Northern Nevada Aces
- Full name: Northern Nevada Aces
- Nickname: Aces
- Founded: 2001
- Dissolved: 2004
- League: Men's Premier Soccer League
| Home colors | Away colors |

= Northern Nevada Aces =

The Northern Nevada Aces were an American soccer club founded in 2001 based in Reno, Nevada. The team played for two seasons in the now defunct USL D-3 Pro League (later known as the USL Second Division), the third tier of the American soccer pyramid. The Aces would become a founding member of the Men's Premier Soccer League (later known as the National Premier Soccer League), switching to the league to play two seasons from 2003-2004, before folding following the 2004 season.

==History==

The Northern Nevada Aces were founded in 2001 in Reno, Nevada to begin play in the USL D-3 Pro League, considered the third division of the American soccer pyramid. They would play two seasons in the league, finishing 5th in 2001 and 6th in 2002, both in the Western Conference.

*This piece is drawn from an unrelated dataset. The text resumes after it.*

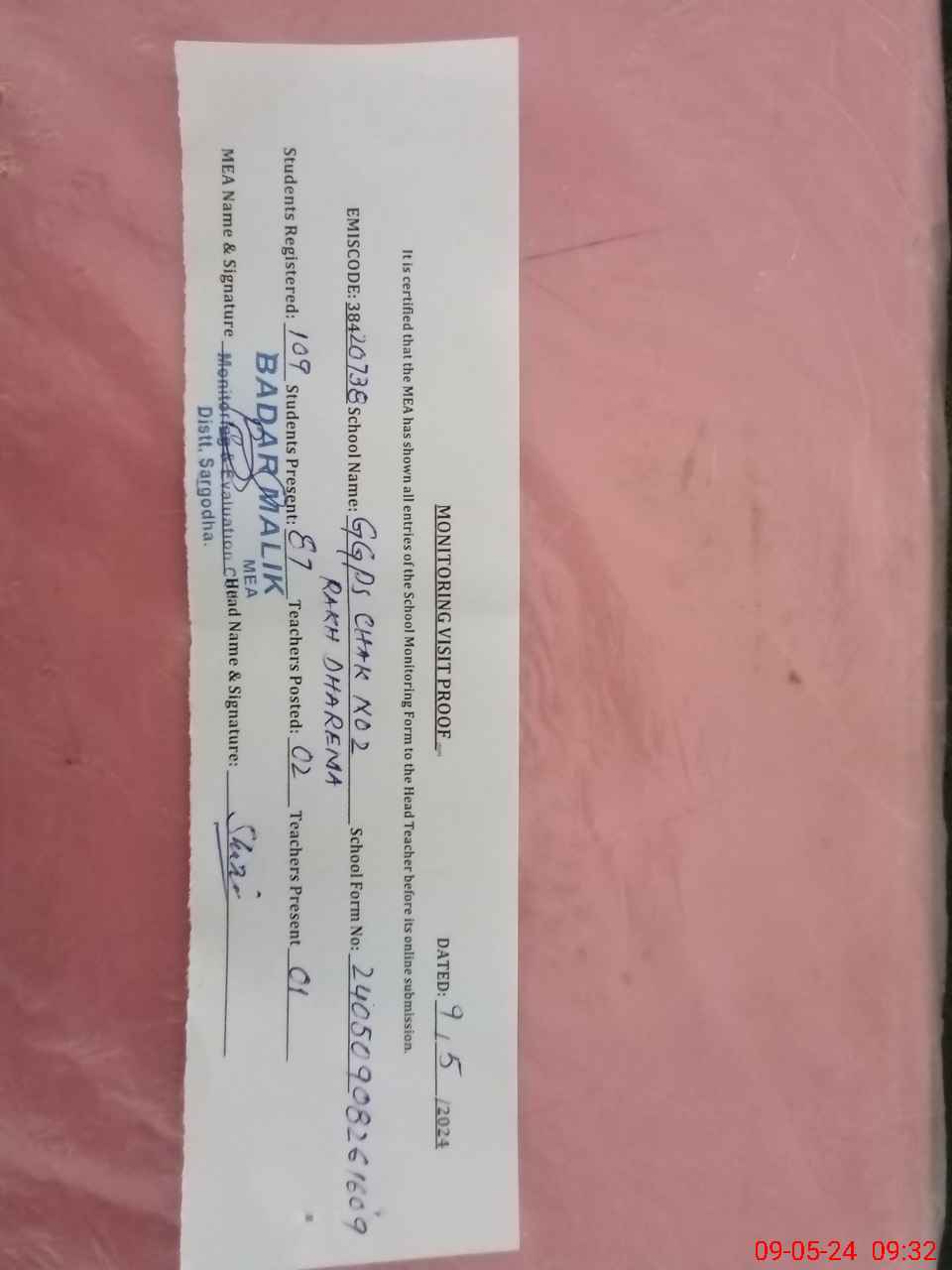 | EMIS Code: 38420738 | Name of School: GGPS CHAK NO.2 RAKH DHAREMA | |||

The Aces would voluntarily drop down to the newly created amateur Men's Premier Soccer League, becoming a founding member in 2003 alongside two other former USL D-3 Pro clubs, the Chico Rooks and Arizona Sahuaros. A neighboring new amateur team, the Nevada Wonders, would debut in the fourth division USL Premier Development League (PDL), in Carson City, Nevada in 2003.

The Aces would finish 4th in the regular season in 2003, losing in the play-off semifinals to the neighboring Utah Salt Ratz 9-0. The club would drop to 9th place in the next season in 2004, folding following the season.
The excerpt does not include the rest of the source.